Akuisisi STT Turen, IBU Mantap Menuju Universitas


MALANG – Ikip Budi Utomo (IBU) tengah menyiapkan diri menjadi universitas dengan memulai langkah mengakusisi STT Turen pada awal Mei lalu. Langkah tersebut dilanjutkan dengan melengkapi persyaratan prodi eksak dan peningkatan SDM dosen pengajar. Bahkan perkuliahan yang diterapkan kini berupa sistem pembelajaran paperless.
“Dalam menyiapkan IBU menjadi universitas, kami sudah mengakusisi STT Turen pada awal Mei lalu. Dalam perjalanannya, kami mulai melengkapi persyaratan dengan ketentuan 10 prodi,” ujar Rektor IBU, Nurcholis Sunuyeko kepada Malang Post, usai ditemui dalam acara buka bersama dan santunan anak yatim piatu dan dhuafa, kemarin.
Nurcholis mengaku, di IBU khusus untuk jurusan eksak sudah ada tiga dan harus dilengkapi dengan enam jurusan eksak lagi. Sehingga dia berharap dalam waktu dekat dapat segera melengkapi persyaratan yang ada dalam hal jurusan. Terdata IBU sudah memiliki tujuh prodi dengan tiga fakultas.

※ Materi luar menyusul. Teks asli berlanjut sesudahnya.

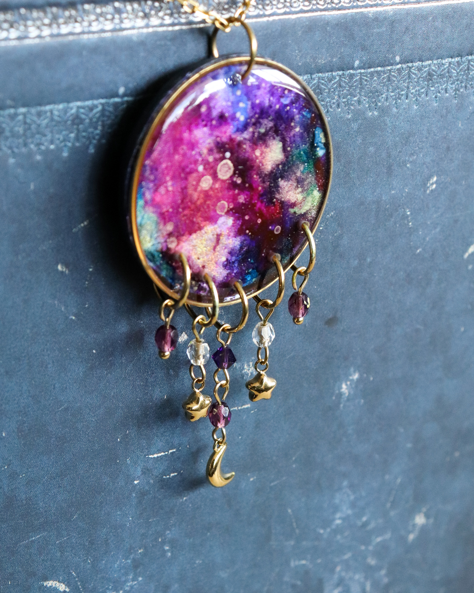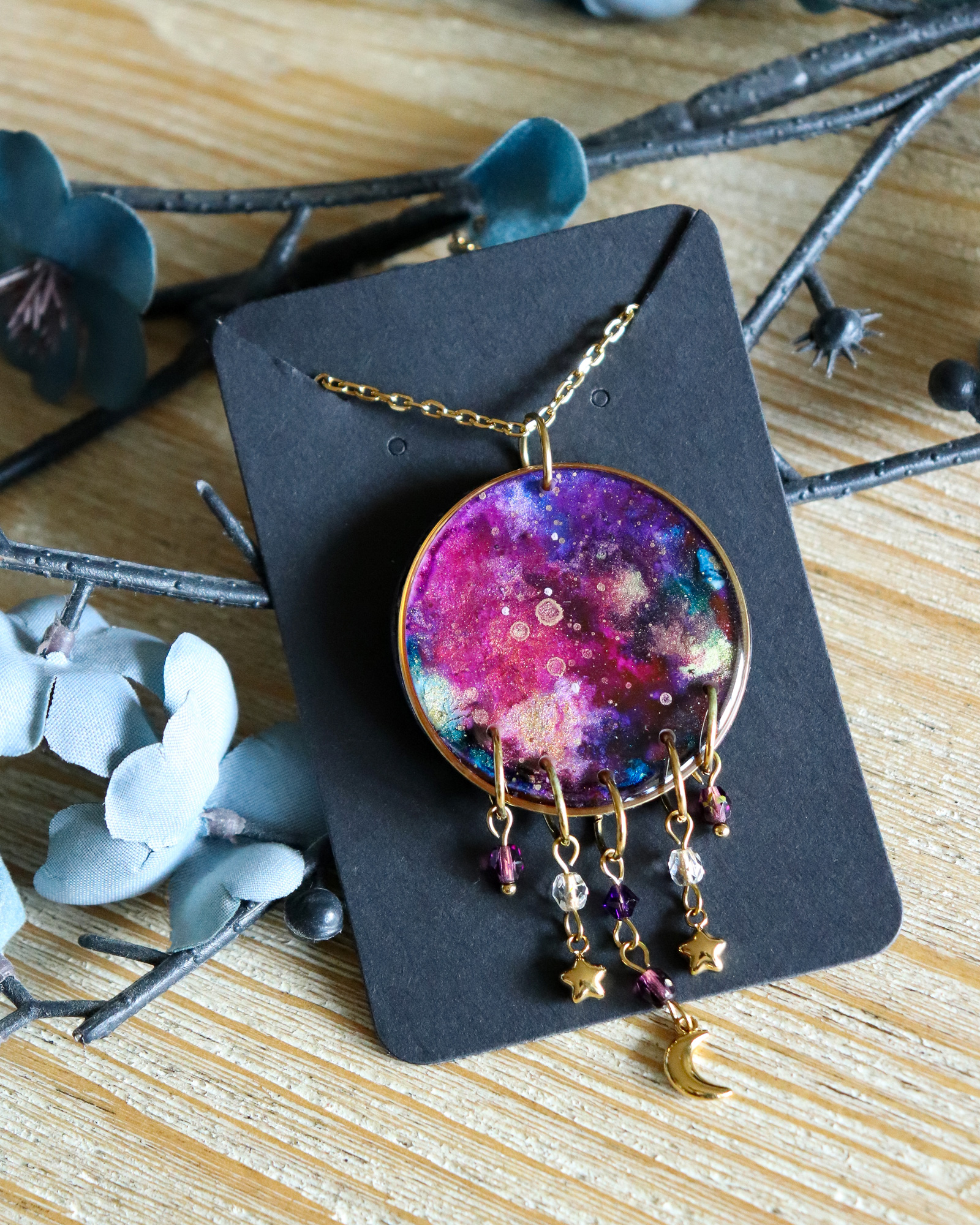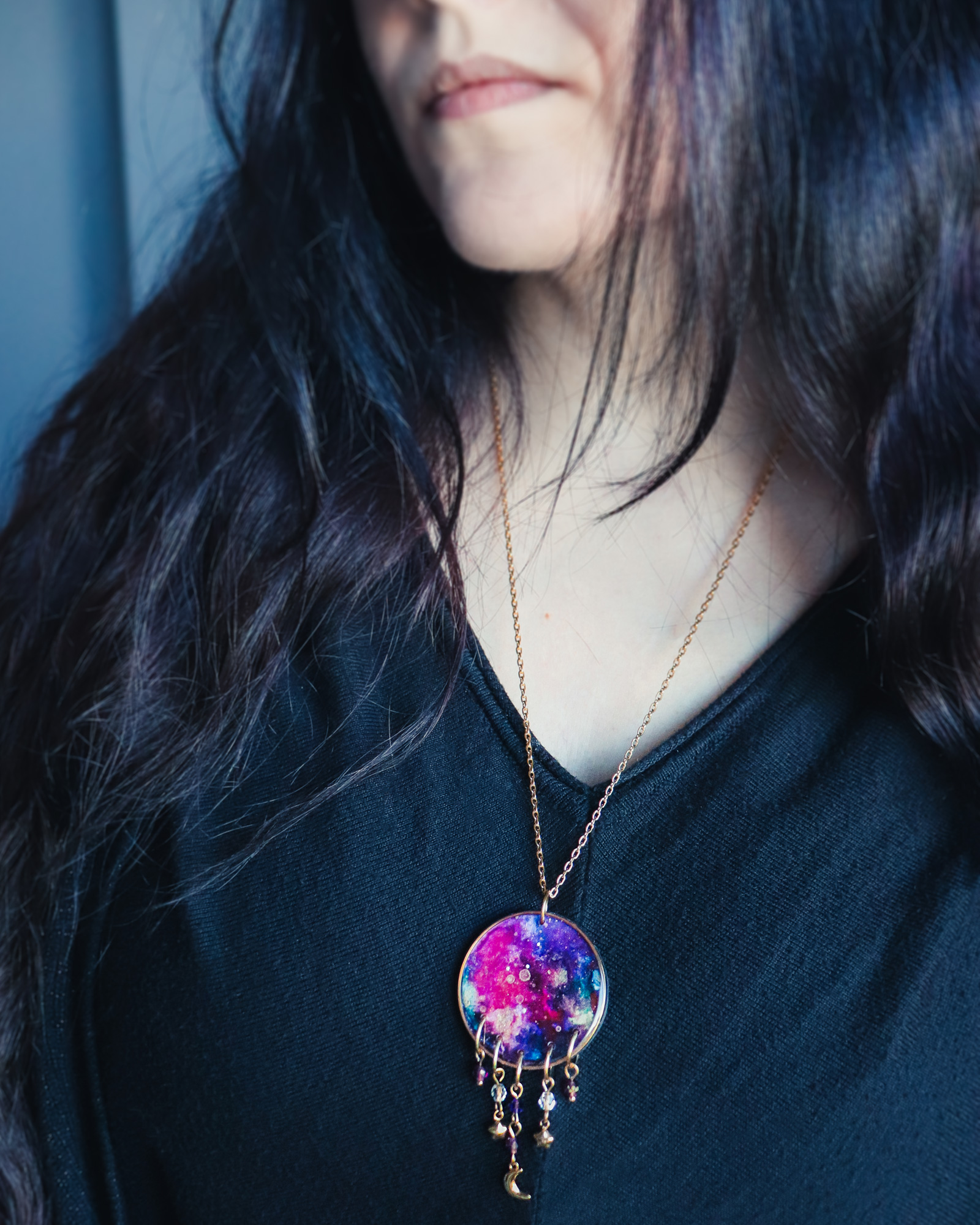 Et si vous portiez une nébuleuse autour du cou ? Voici un pendentif original et entièrement fait main pour les amoureux des étoiles et de l’espace.

“Selain kelengkapan prodi, yang terpenting adalah peningkatan kualitas SDM pengajar yang ditunjang dengan program-program percepatan guru besar dan dosen yang melanjutkan pendidikan tinggi lagi,” ulasnya.

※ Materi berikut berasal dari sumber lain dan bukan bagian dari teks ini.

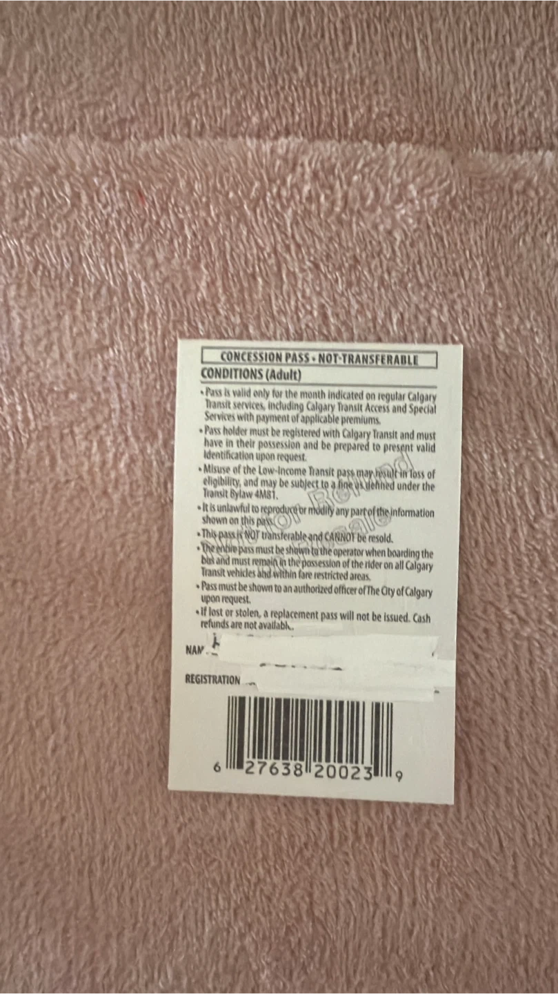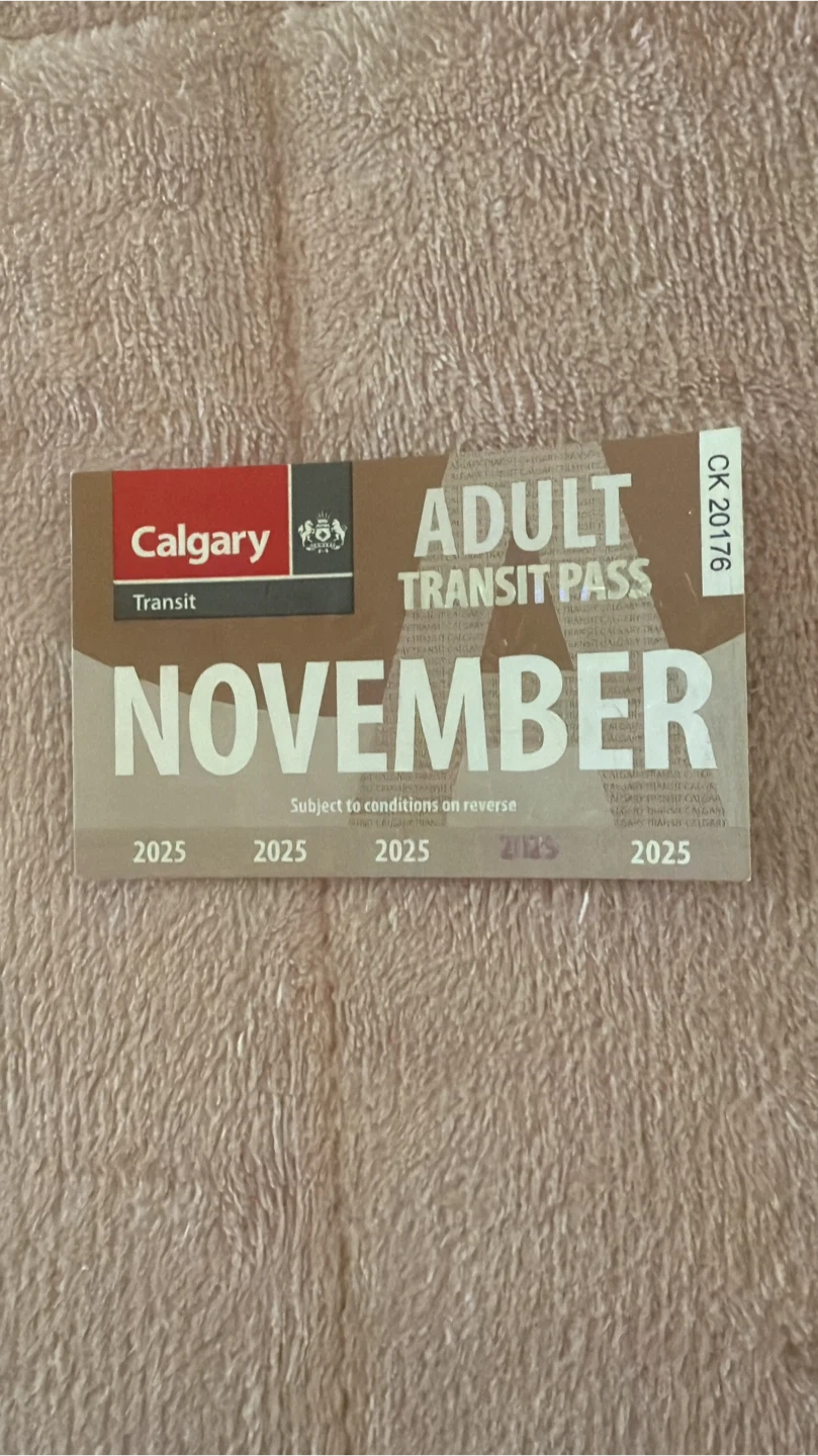 Selling an adult Calgary Transit pass valid for November 2025. It's in great condition

Terkait hal itu, pria yang suka membaca novel ini membeberkan dari 230 dosen, 17 dosen diantaranya sudah bergelar doktor. Sedangkan tiga profesor yang dimiliki IBU telah meninggal dunia. Sehingga ibu perlu mempercepat progress pendidikan dosen di IBU untuk meningkatkan kualitas. Tak hanya itu, IBU kini ketat menyeleksi kompetensi lulusannya dengan keterampilan mengajar yang wajib dimiliki.
“Dengan tiga microteaching yang telah menjadi fasilitas perkuliahan IBU, tentu fasilitas tersebut dapat menunjang kompetensi mahasiswa. Sehingga, kami berkomitmen untuk meluluskan mahasiswa yang benar-benar memiliki keterampilan mengajar. Mahasiswa harus mengulang jika tak lulus karena tak sesuai ketentuan tersebut,” tegasnya.
Sejak tiga tahun lalu, IBU juga telah mengembangkan pilot project perkuliahan sistem paperless. Hal ini dilakukan dengan pemberian 600 unit tab untuk mahasiswa dibeberap cluster agar mampu menjalankan perkuliahan melalui digital.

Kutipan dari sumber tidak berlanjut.